WHAT IS BEING ASKED>
Output, exactly as written, the lines below from the one that has "Es una figura" through the one that has "Thomas Pappenberger Death"; nothing else, and no pictures.

[RECORDS FOR PROCESSING — start]

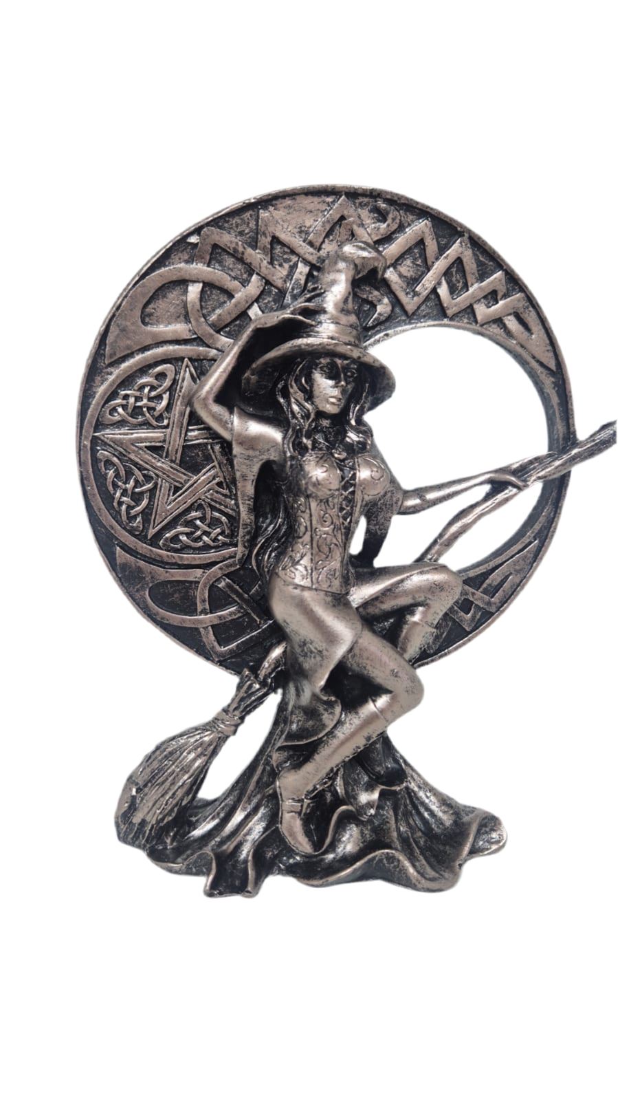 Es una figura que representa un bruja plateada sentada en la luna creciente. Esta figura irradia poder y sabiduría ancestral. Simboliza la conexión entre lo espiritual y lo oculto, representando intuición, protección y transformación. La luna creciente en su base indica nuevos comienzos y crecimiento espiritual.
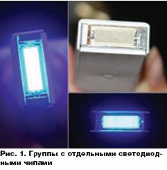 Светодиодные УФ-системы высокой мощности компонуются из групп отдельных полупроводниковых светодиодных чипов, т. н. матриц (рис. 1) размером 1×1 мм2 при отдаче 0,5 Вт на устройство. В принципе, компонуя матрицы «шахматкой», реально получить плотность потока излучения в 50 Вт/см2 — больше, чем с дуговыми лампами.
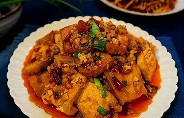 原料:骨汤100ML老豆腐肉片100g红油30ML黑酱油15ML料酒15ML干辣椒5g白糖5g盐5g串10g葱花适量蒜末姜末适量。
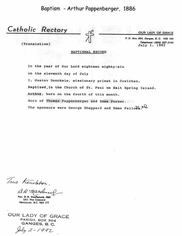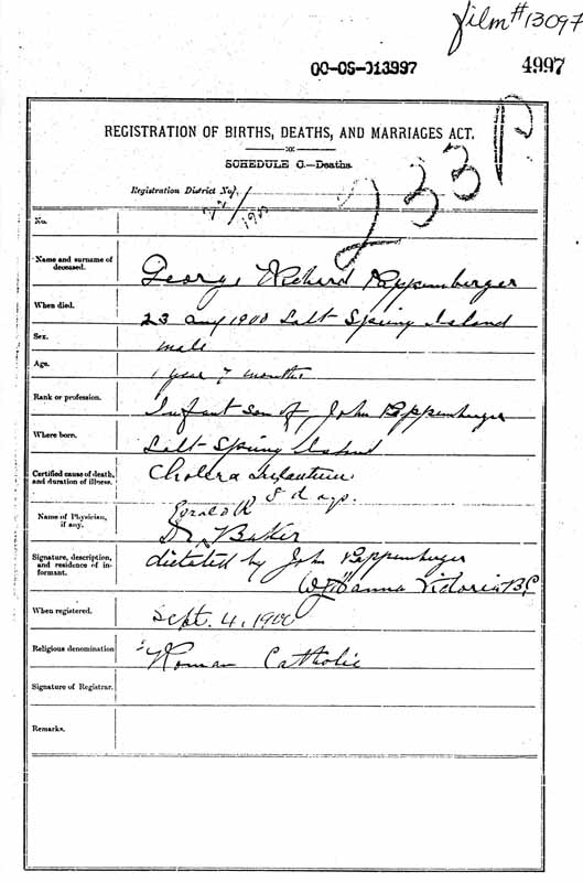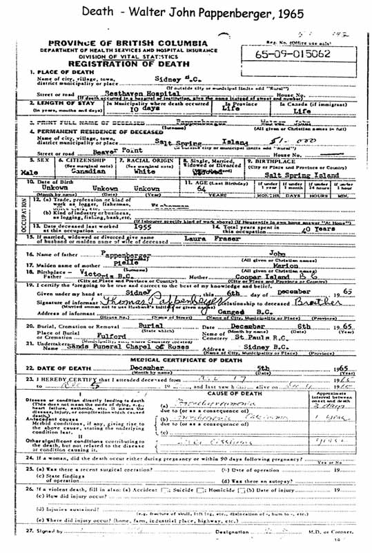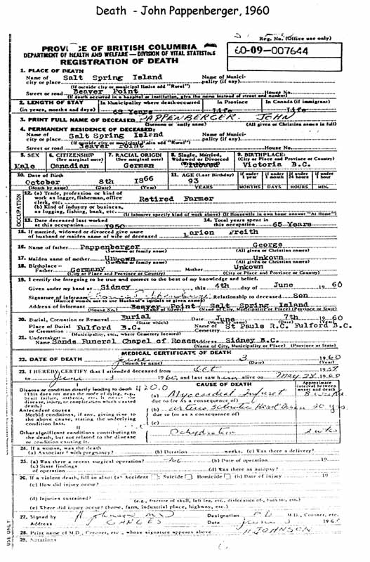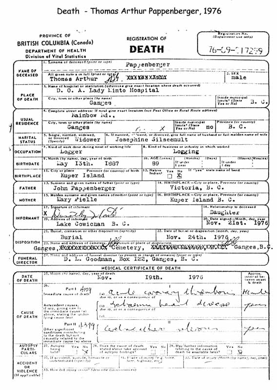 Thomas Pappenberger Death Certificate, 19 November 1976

[RECORDS FOR PROCESSING — finish]
[RECORDS FOR PROCESSING — start]

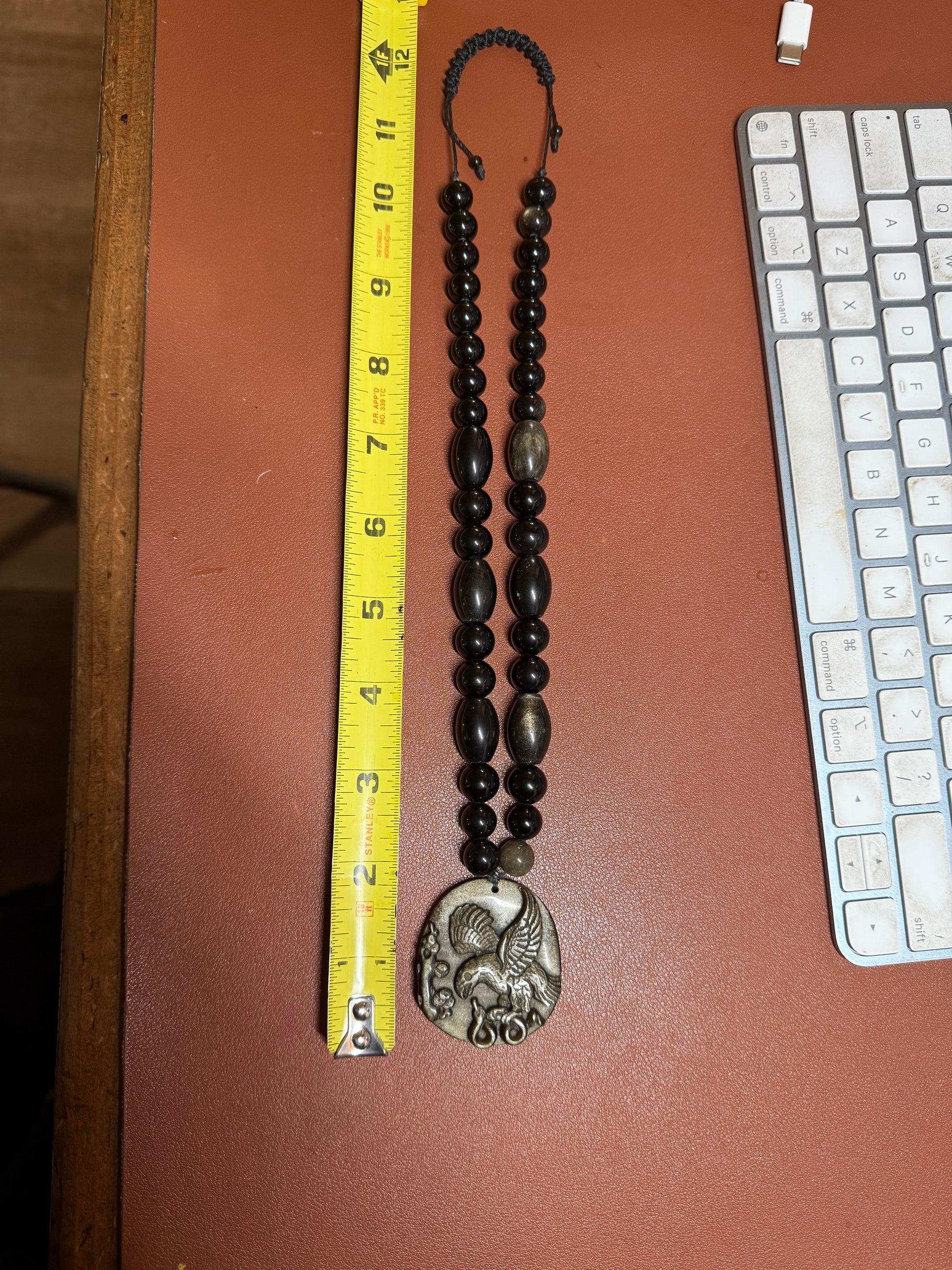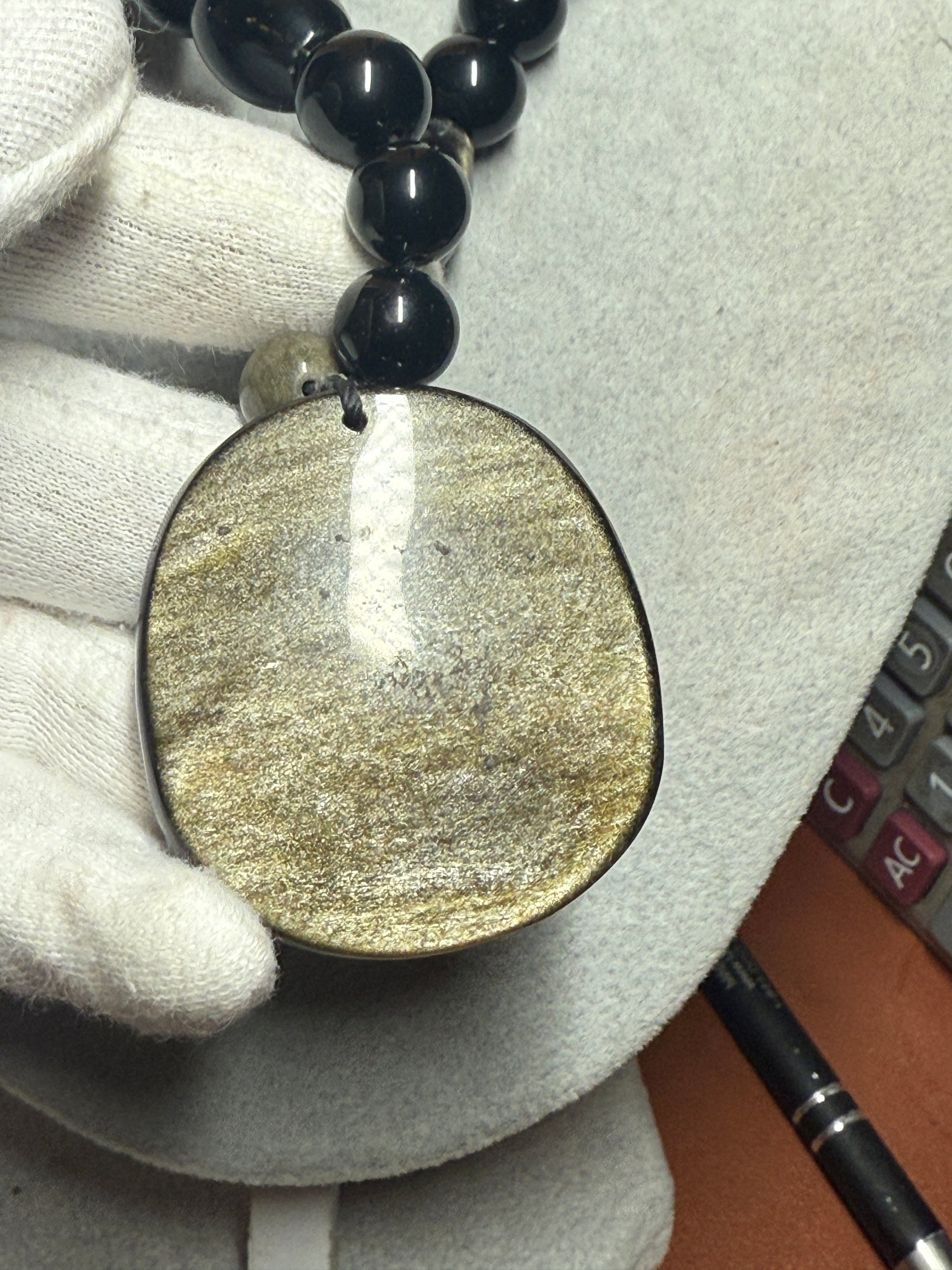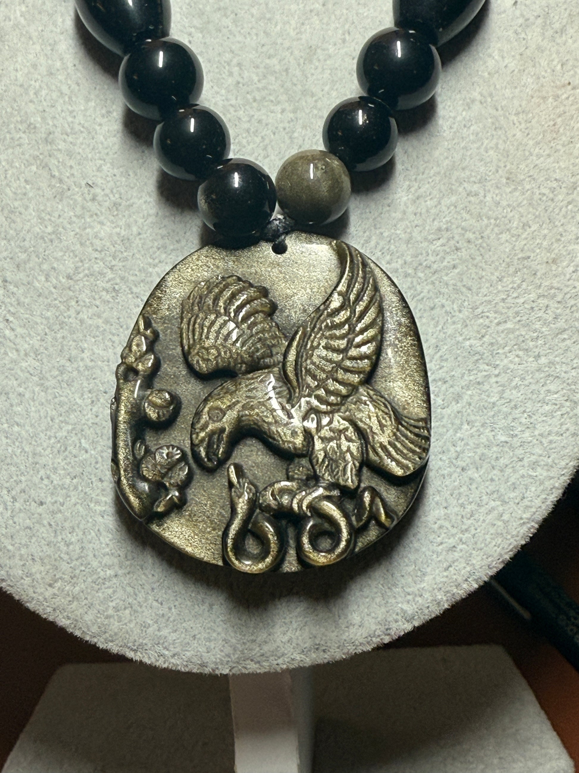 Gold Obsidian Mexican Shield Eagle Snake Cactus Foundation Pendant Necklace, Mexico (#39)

[RECORDS FOR PROCESSING — finish]

WRITTEN ANSWER>
 Es una figura que representa un bruja plateada sentada en la luna creciente. Esta figura irradia poder y sabiduría ancestral. Simboliza la conexión entre lo espiritual y lo oculto, representando intuición, protección y transformación. La luna creciente en su base indica nuevos comienzos y crecimiento espiritual.
 Светодиодные УФ-системы высокой мощности компонуются из групп отдельных полупроводниковых светодиодных чипов, т. н. матриц (рис. 1) размером 1×1 мм2 при отдаче 0,5 Вт на устройство. В принципе, компонуя матрицы «шахматкой», реально получить плотность потока излучения в 50 Вт/см2 — больше, чем с дуговыми лампами.
 原料:骨汤100ML老豆腐肉片100g红油30ML黑酱油15ML料酒15ML干辣椒5g白糖5g盐5g串10g葱花适量蒜末姜末适量。
 Thomas Pappenberger Death Certificate, 19 November 1976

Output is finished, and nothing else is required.